マルタ第二の島、ゴゾ島由来とされ「ゴゾのフティーラ」とも呼ばれるピザタイプのフティーラ。写真のように角形もあれば、丸形のイタリアンピザ風、具を包んで焼くお焼き風もある。胡麻とイタリアンパセリを散らして。

月刊dancyu[ダンチュウ]
2018年 7月号
編集タイアップ企画より

マルタ共和国

美しき島。朝も昼も
食卓にパンの香りが漂う

 “地中海の真珠”と呼ばれる。きらめく太陽にエメラルドの海、中世の騎士団が築いた世界遺産の街……。淡路島の半分ほどの面積に美しさが詰まっている。だが、この国で何より印象的なのは人。旅人にも親切で温かい。マルタの独特で居心地の良い空気感は、人が生み出しているのだろう。

 マルタ島やゴゾ島など大小の島々が集まり、紀元前から地中海の要衝だった場所。食文化は近隣国イタリアと共通点が多いものの、中東やアフリカの食材、スパイスも多用する。石灰石が土台の土地は決して豊かとは言えないが、陽光を浴び、伸び伸びと育つ野菜や果実は濃厚。蜂蜜、チーズ、ワインなど評価の高い特産物もある。

 特に驚くのがパンのおいしさ。なかでも「フティーラ」と呼ばれるドーナッツ形の伝統パンは、旅行者も皆絶賛するほど。香ばしい皮と弾力のあるクラム。生地を何日もねかせる手のかかり具合もさることながら、味の秘密は水だという。水資源に乏しいマルタでは、海水を淡水化して使用。その際に残る塩分が、絶妙の塩気につながっている。

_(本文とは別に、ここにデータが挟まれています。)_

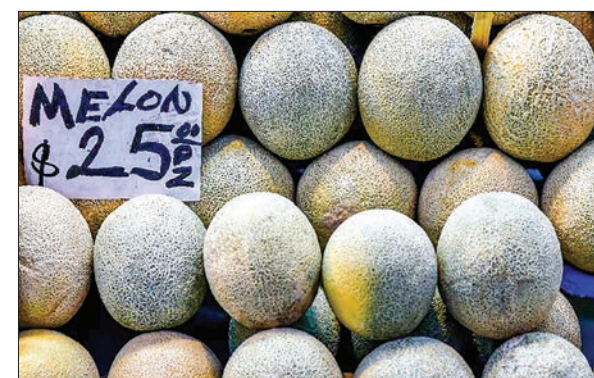
Australians vulnerable to listeriosis have been advised to discard any rockmelon purchased before 1 March.

Listeriosis begins with flu-like symptoms including chills, fever and muscle aches. It can take up to six weeks after consuming contaminated foods for the symptoms to occur.—AFP ■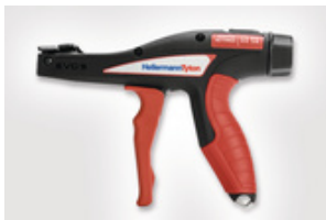
EVO9 110-80002 Manual Tensioning Tool Plastic Housing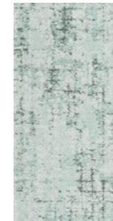
LA1506 Pale Green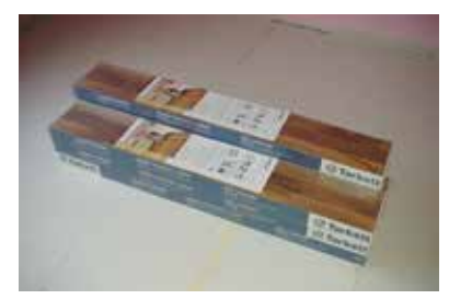
1. Store unopened cartons in room for 48 hours prior to installation.

Scan with SMART PHONE to view installation video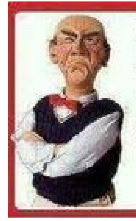
Two men knocked on my front door today and asked if I would kindly donate to the new, local swimming pool that is being built - so I gave them a bottle of water.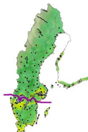
Figure 1: The southern part of Sweden (Götaland = below the line) from where the speakers were selected.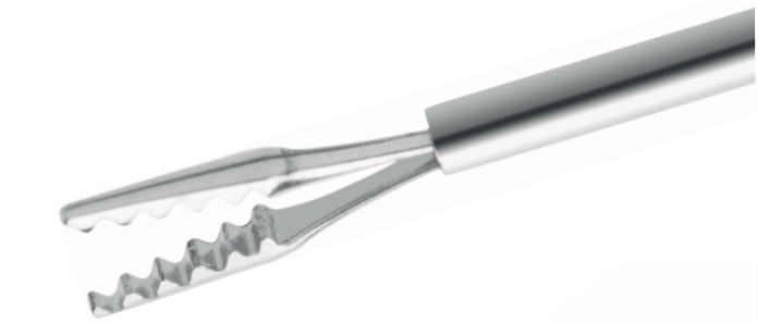
651092: Corneal Endothelium Forceps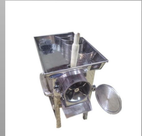
Mini Grinder Machine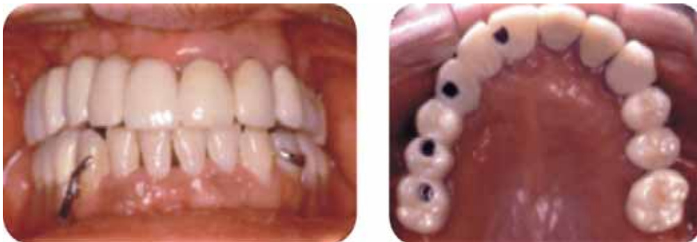
Figure 8. Final result pictures.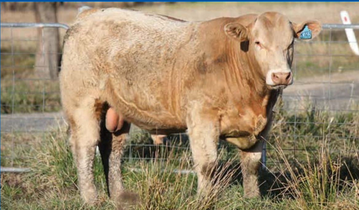
LOT 26 Wakefield Rookie (P/S) BIS R723E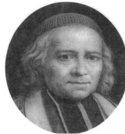
Blessed William Joseph Chaminade 1761-1850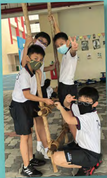
Climbing to the top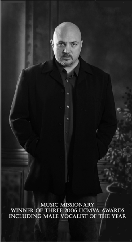
MUSIC MISSIONARY WINNER OF THREE 2006 UCMVA AWARDS INCLUDING MALE VOCALIST OF THE YEAR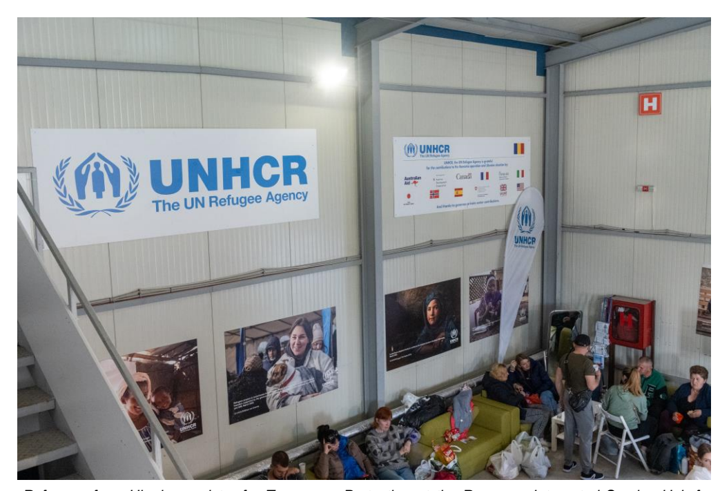
Refugees from Ukraine register for Temporary Protection at the Romexpo Integrated Service Hub for refugees, established by UNHCR in Bucharest, 20 December 2022.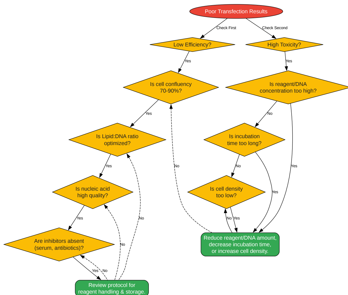
Caption: General workflow for a cationic lipid transfection experiment.

Click to download full resolution via product page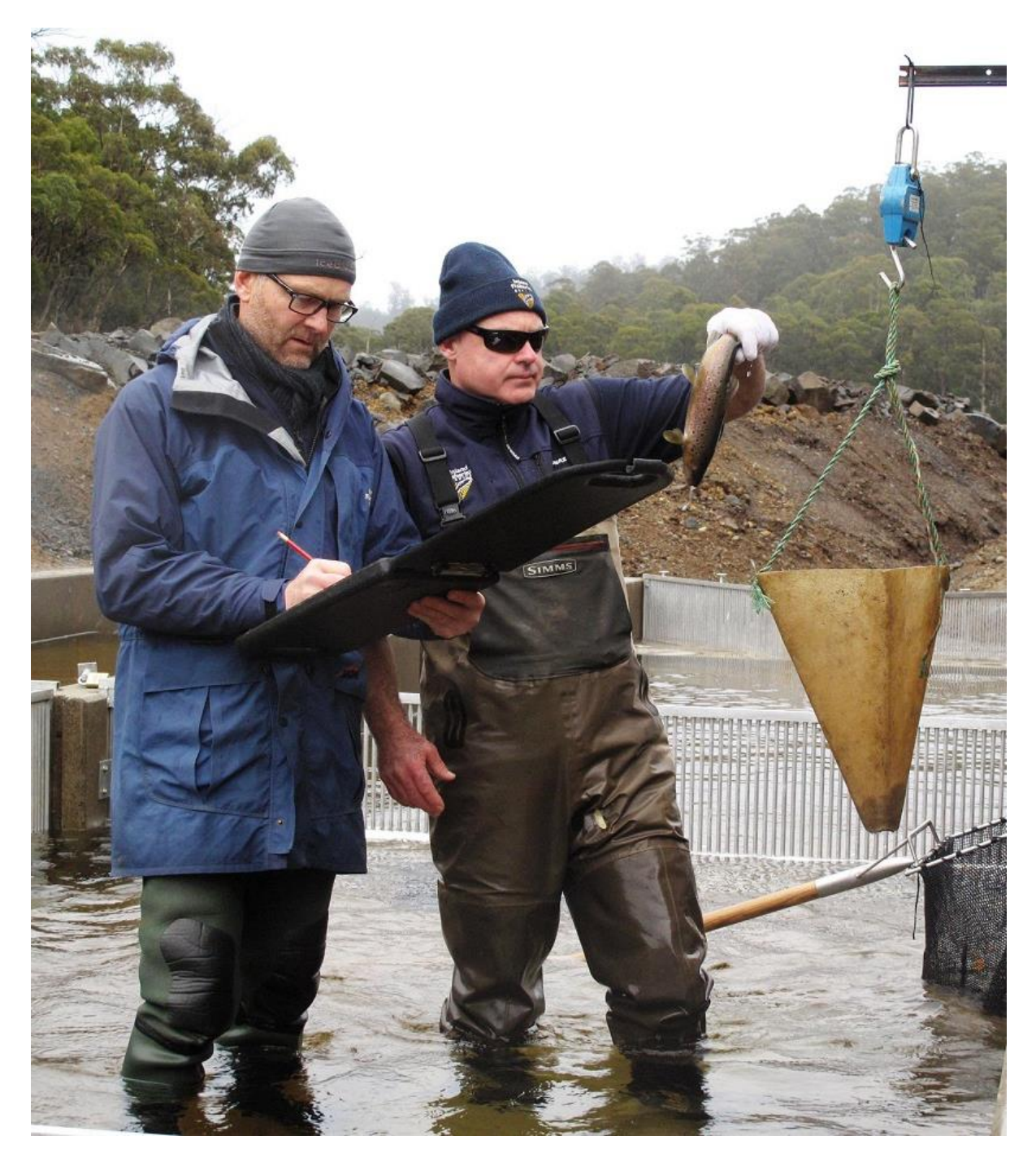
Monitoring the brown trout spawning run at the River Derwent Fish Trap, Lake King William

マルタのパンは、この地の風土や知恵が生んだ唯一無二の味なのだ。

 このフティーラ、同じ生地を薄くのばして焼くピザタイプもあり、ランチで人気の一品。カリッと軽い皮に、じゃがいも、肉、チーズなど具は盛りだくさん。気取った味ではないけれど、旨いものをどっさりのせたよ──つくり手のそんな声が聞こえそうな、ほっこりした旨さだ。ちなみにフティーラはチュニジア語。由来は定かでないが、今ではれっきとしたマルタ名物だ。

 そんなマルタの朝は、やはり小麦の香りで幕を開ける。サンドイッチやパイを売る店が早くからオープン。パンの移動販売もやって来る。ぱくつきながら幸せそうに歩く人の姿を羨ましげに見ていると、「あの店が旨いよ」と教えてくれるのがマルタ人。楽園は一日にしてならず。皆でつくるものなのだと、その笑顔が語っている。